------ Given information
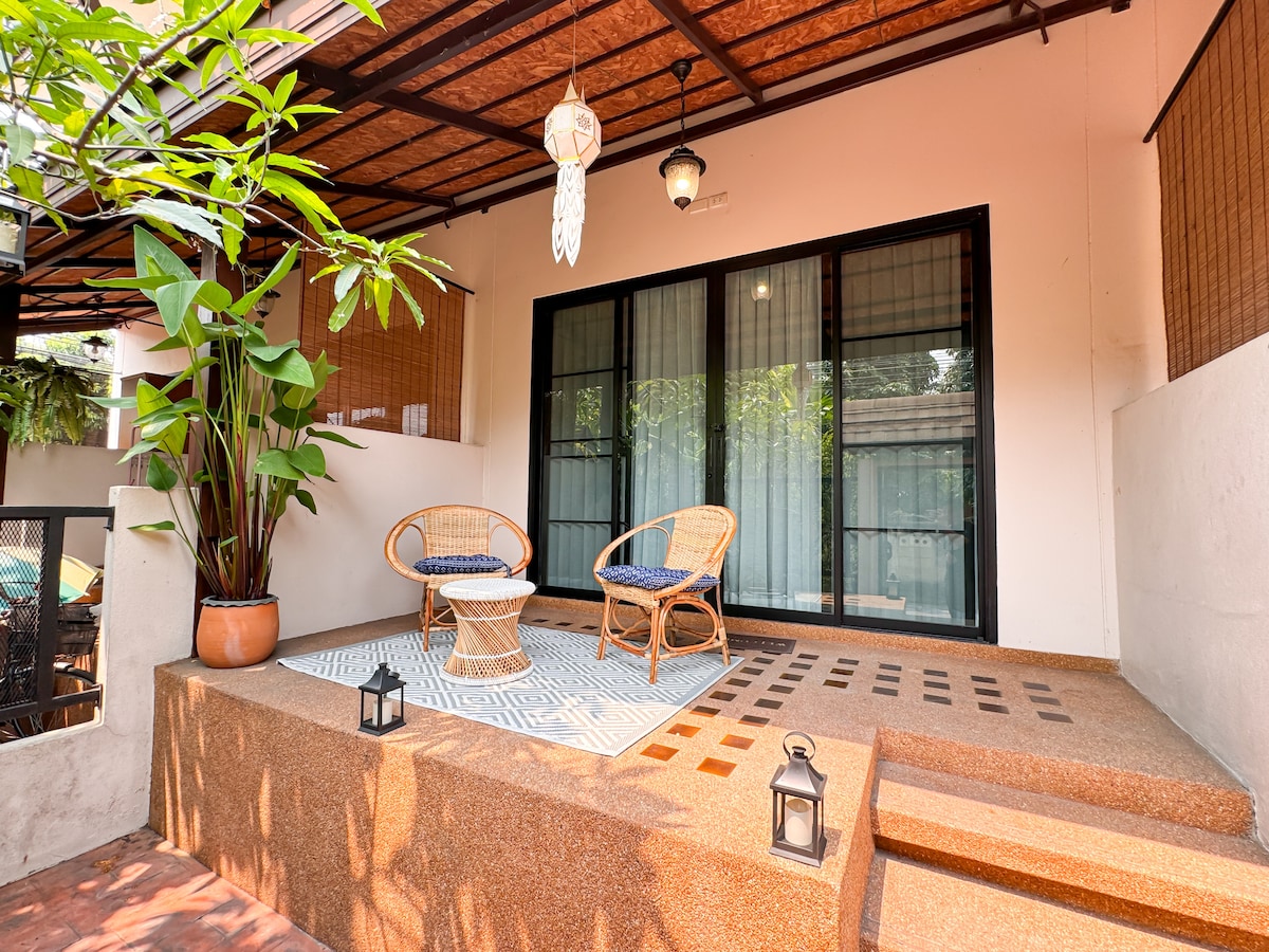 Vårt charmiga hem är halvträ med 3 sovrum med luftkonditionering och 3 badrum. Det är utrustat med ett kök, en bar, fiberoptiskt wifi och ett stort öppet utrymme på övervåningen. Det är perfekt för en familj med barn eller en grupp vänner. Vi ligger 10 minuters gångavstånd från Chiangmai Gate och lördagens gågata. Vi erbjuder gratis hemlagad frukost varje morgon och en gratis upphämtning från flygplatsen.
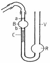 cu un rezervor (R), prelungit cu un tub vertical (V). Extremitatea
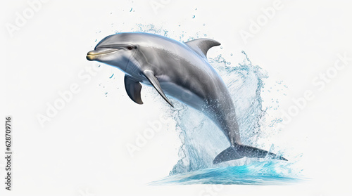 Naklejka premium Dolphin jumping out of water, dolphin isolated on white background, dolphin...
------------
=== Description of the task ===
The reply should contain every line of the material exactly, and no images.

=== Task response ===
 Vårt charmiga hem är halvträ med 3 sovrum med luftkonditionering och 3 badrum. Det är utrustat med ett kök, en bar, fiberoptiskt wifi och ett stort öppet utrymme på övervåningen. Det är perfekt för en familj med barn eller en grupp vänner. Vi ligger 10 minuters gångavstånd från Chiangmai Gate och lördagens gågata. Vi erbjuder gratis hemlagad frukost varje morgon och en gratis upphämtning från flygplatsen.
 cu un rezervor (R), prelungit cu un tub vertical (V). Extremitatea
 Naklejka premium Dolphin jumping out of water, dolphin isolated on white background, dolphin...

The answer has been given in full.